_Try it_. Your answer must be the exact lines from the one holding "And Steel Desk" through the last line of the records below, with no pictures.

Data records
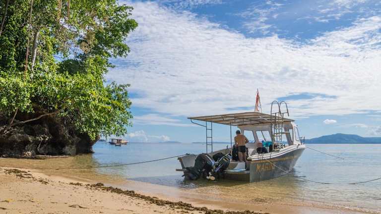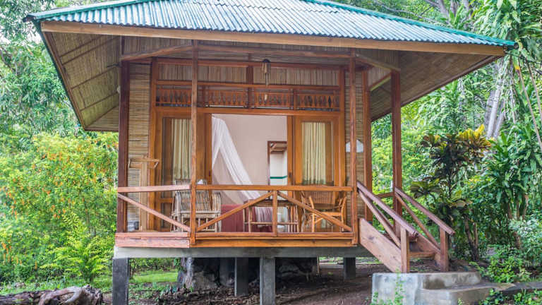 Die schlicht eingerichteten Holzbungalows sind mit einem Ventilator ausgestattet und verfügen über eine eigene Terrasse mit Blick auf das Meer und das Riff. Jedes Bungalow hat ein privates Bad mit Dusche.
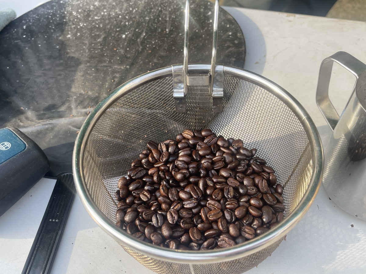 隣で参加していたご夫婦の奥さまの豆はすでにいい色になっている! しかし焦りは禁物。いつもいい感じになってきたところであと少しの我慢ができず失敗しているダメパターンを思い出すんだ……。と言い聞かせてザルを振り続ける。でも私が目指す中深煎りの色にはなかなかならない。どこで焙煎をやめるかを見極めるセンスも必要なのです。
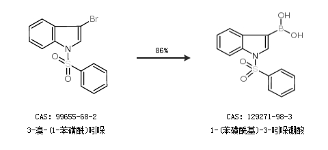 1.通过3-溴-(1-苯磺酰)吲哚合成1-(苯磺酰基)-3-吲哚硼酸,收率约86%;
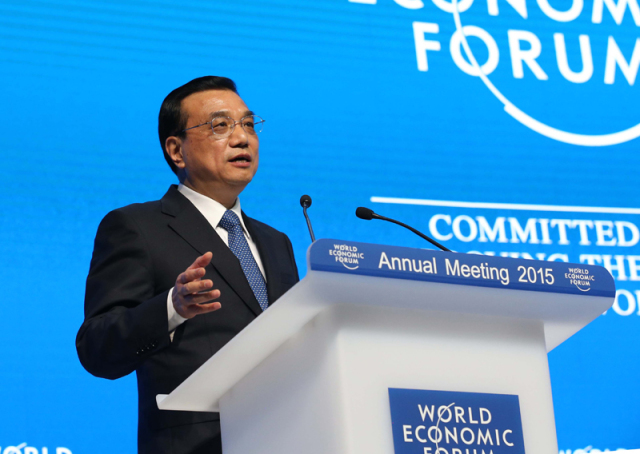 2015年1月21日,李克強總理在瑞士達沃斯舉行的世界經(jīng)濟論壇全會發(fā)表特別致辭并回答提問。
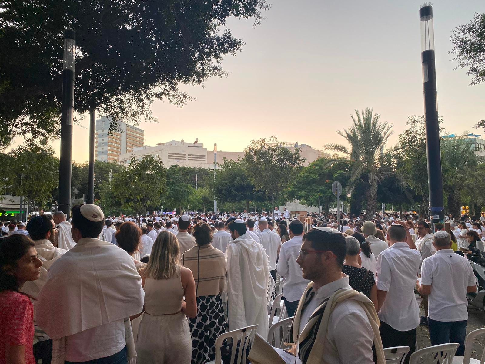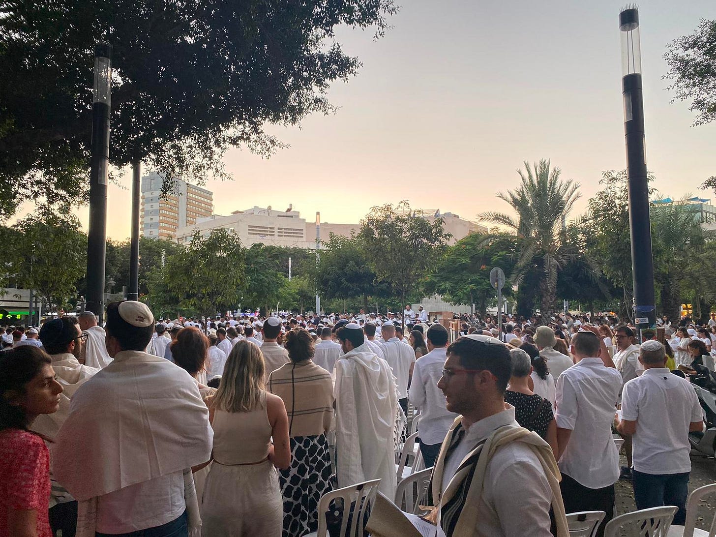 And that is the whole point. This rabbi and this congregation choose to be outside so that people who do not plan to spend all day at services, but who still want Yom Kippur to be part of their lives, can participate. Many Israelis do not feel comfortable going into a synagogue—but who can’t go to Dizengoff Square? This is a photograph of the Jewish people. Of a Jewish people in which no one is judging anyone else. In which no one minds what anyone else does. In which people simply make space for each other, so they can all be part of the most sacred day of the year.
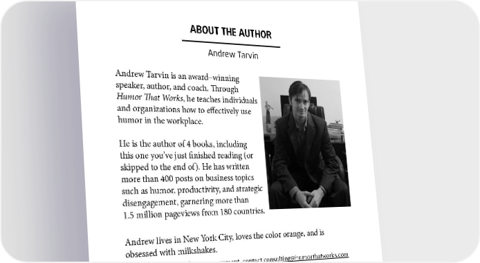ABOUT THE AUTHOR Andrew Tarvin Andrew Tarvin is an award–winning speaker, author, and coach. Through Humor That Works, he teaches individuals and organizations how to effectively use humor in the workplace. He is the author of 4 books, including this one you’ve just finished reading (or skipped to the end of). He has written more than 400 posts on business topics such as humor, productivity, and strategic disengagement, garnering more than 1.5 million pageviews from 180 countries. Andrew lives in New York City, loves the color orange, and is obsessed with milkshakes. To book Andrew for an engagement, contact consulting@humorthatworks.com or call 646-543-7398. 253
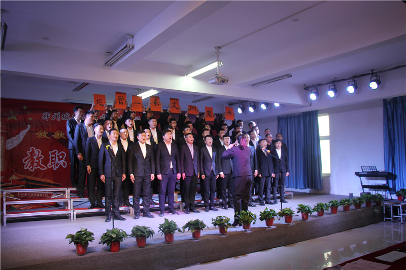 为大力弘扬十九大精神,积极传播新时代正能量,展现我校教职工对党忠诚、信念坚定、奋发进取的时代精神。2018年12月5日下午,由我校党委、工会主办的 “放歌新时代,起航新征程”教职工红歌合唱比赛在艺术楼303教室精彩开唱。我校党委书记尚亚民,副校长王海明,党委副书记、副校长陈景国,副校长崔小岭,工会主席、副校长张爱云,党委纪检书记、副校长侯河新,财务总监马海斌,各处(室)、各系(部)中层以上领导和500余名教职工代表共同观看了比赛。
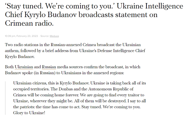 克里米亚、莫斯科、Krasnodar的部分广播电台上突然播放了乌克兰情报总长布达诺夫的讲话:
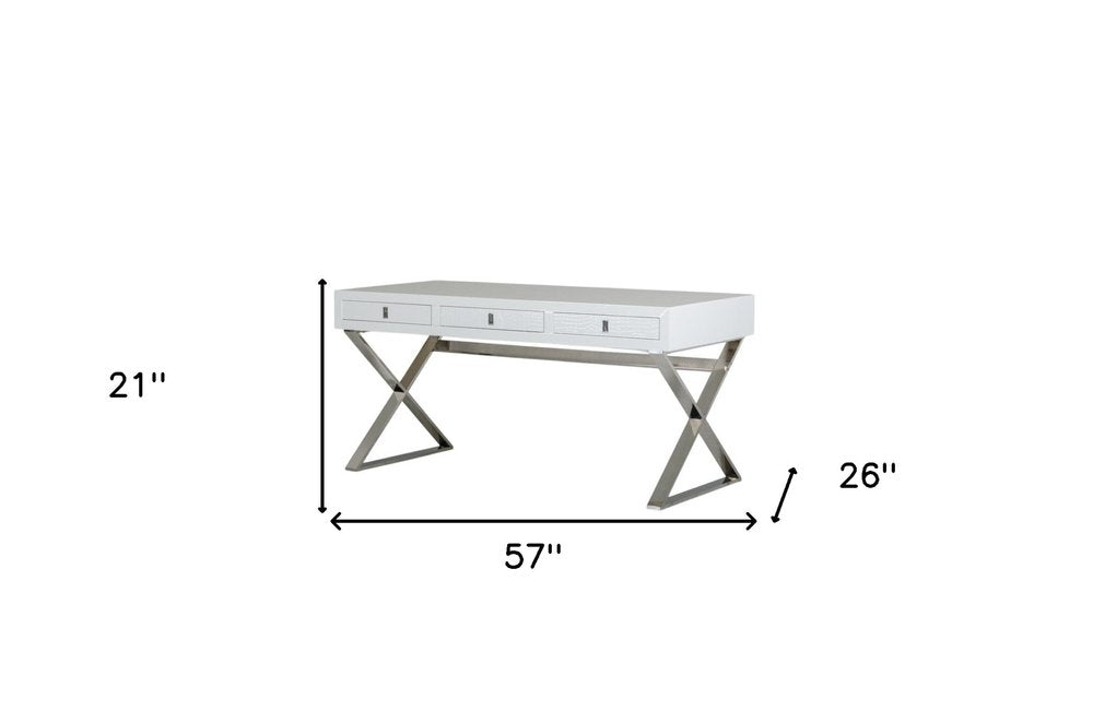 21" White Crocodile Mdf And Steel Desk
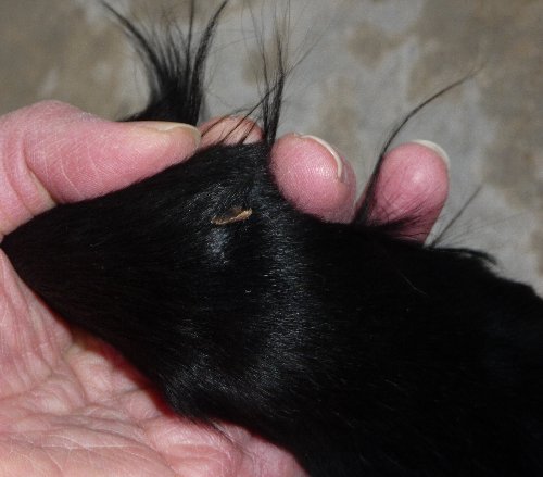 3mmほどのちょっと幅のある傷、毛がなくなって赤くなってました。

_Reply_.
 21" White Crocodile Mdf And Steel Desk
 3mmほどのちょっと幅のある傷、毛がなくなって赤くなってました。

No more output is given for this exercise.